Working with a 10m video long, for learning purpose, might be slow/boring, let's generate an 1m short clip.

# generating a random 1 minute short clip
# not changing codec though
docker run --rm -v $(pwd):/files jrottenberg/ffmpeg  \
  -i /files/bunny_634s_60fps_1080p_4487kb.mp4 \
  -ss 00:01:24 -t 00:01:00 -c copy \
  /files/bunny_60s_60fps_1080p_4487kb.mp4

Getting the reference

The reference file bunny_60s_60fps_1080p_4487kb.mp4 has the following properties.

Property Value
codec h264
bitrate 4487 Kb
resolution 1080p
container mp4
duration 10s

Applying transformations

Toward to deliver video for all devices in diverse network conditions, the media needs to pass through some transformations, mostly related to the number of bits required and the resolution.

Transrating

# same resolution but different bit rate
docker run --rm -v $(pwd):/files jrottenberg/ffmpeg  \
  -i /files/bunny_60s_60fps_1080p_4487kb.mp4 \
  -c:v libx264 -crf 23 -maxrate 2M -bufsize 4M \
  /files/bunny_60s_60fps_1080p_2000kb.mp4
Property Value
codec h264
bitrate 2000 Kb
resolution 1080p
container mp4
duration 10s

Transizing

# changing resolution
docker run --rm -v $(pwd):/files jrottenberg/ffmpeg \
  -i /files/bunny_60s_60fps_1080p_4487kb.mp4 \
  -vf scale=640:-1 -sws_flags lanczos \
  -c:v libx264 -crf 23 -maxrate 600k -bufsize 1200k \
  /files/bunny_60s_60fps_640p_600kb.mp4
Property Value
codec h264
bitrate 600 Kb
resolution 640p
container mp4
duration 10s

Run VMAF

All frames - slower

time docker run --rm -v $(pwd):/files five82/ffmpeg-git \
  ffmpeg -i /files/bunny_60s_60fps_1080p_4487kb.mp4 \
   -i /files/bunny_60s_60fps_1080p_2000kb.mp4 \
   -lavfi libvmaf=log_fmt=json -f null -

Exec FPS: 14.318552
VMAF score = 93.130018
0.08s user 0.16s system 0% cpu 4:13.55 total

Subsampling frames - faster (1 out of 5)

time docker run --rm -v $(pwd):/files five82/ffmpeg-git \
  ffmpeg -i /files/bunny_60s_60fps_1080p_4487kb.mp4 \
   -i /files/bunny_60s_60fps_1080p_2000kb.mp4 \
  -lavfi libvmaf=log_fmt=json:n_subsample=5 -f null -

Exec FPS: 58.999069
VMAF score = 93.130807
0.05s user 0.12s system 0% cpu 1:02.25 total

Faster (almost 4x) and still kept the close VMAF score.

Different resolution

time docker run --rm -v $(pwd):/files five82/ffmpeg-git \
  ffmpeg -i /files/bunny_60s_60fps_1080p_4487kb.mp4 \
  -i /files/bunny_60s_60fps_640p_600kb.mp4 \
  -filter_complex \
  "[1:v]scale=1920x1080:flags=bicubic[main];[main][0:v]libvmaf=log_fmt=json:n_subsample=5" -f null -

How about different container check?

You need to conform the timing information.

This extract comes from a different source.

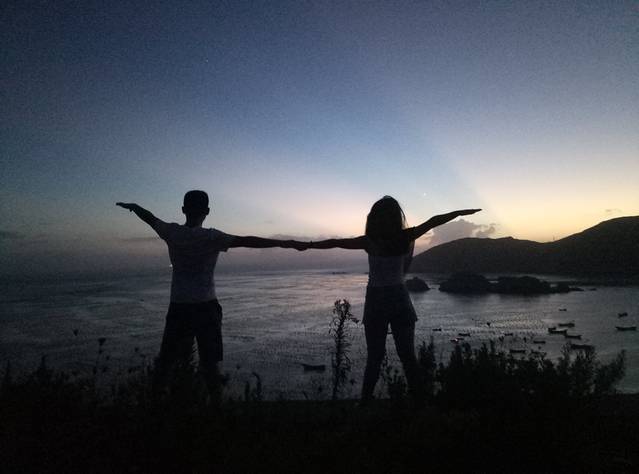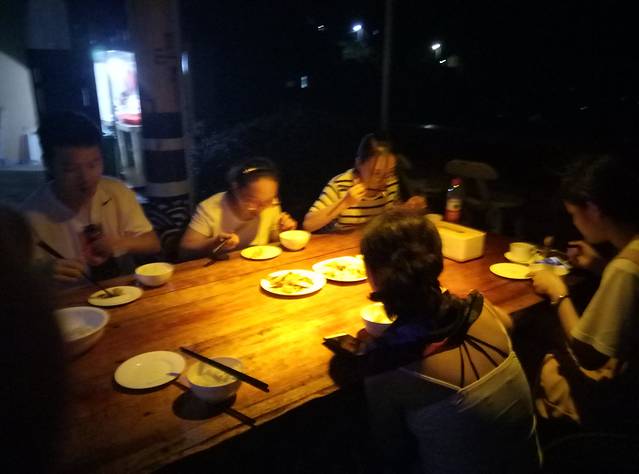 我们联系了接我们的面的,将我们送至阡陌客栈。真佩服当地的司机,那绝对各个车技满分,快到阡陌客栈的一个拐弯处,感觉是没了路,车轮走在水泥铺的路上中间是空的,两边都是杂草,右边又是悬崖,,那叫一个刺激。车到山前必有路。阡陌交通,鸡犬相闻。这,大概也是店家起名字的缘故吧。阡陌的饭菜也比较有名,我们吃饭排队又等了半小时,不过味道不错,人均消费大概45元。在阡陌看星空,绝对是个不二之选,吹着海风,在山上那就是一种享受。

docker run --rm -v $(pwd):/files jrottenberg/ffmpeg -w /files \
  -i main.mpg -i ref.mkv \
  -lavfi "[0:v]settb=AVTB,setpts=PTS-STARTPTS[main];[1:v]settb=AVTB,setpts=PTS-STARTPTS[ref];[main][ref]libvmaf=psnr=1:log_fmt=json" -f null -

Example taken from FFmpeg's site.

Does it work for mobile, 4k view port?

For 4k, you can check FAQ and for mobile you can check the available models.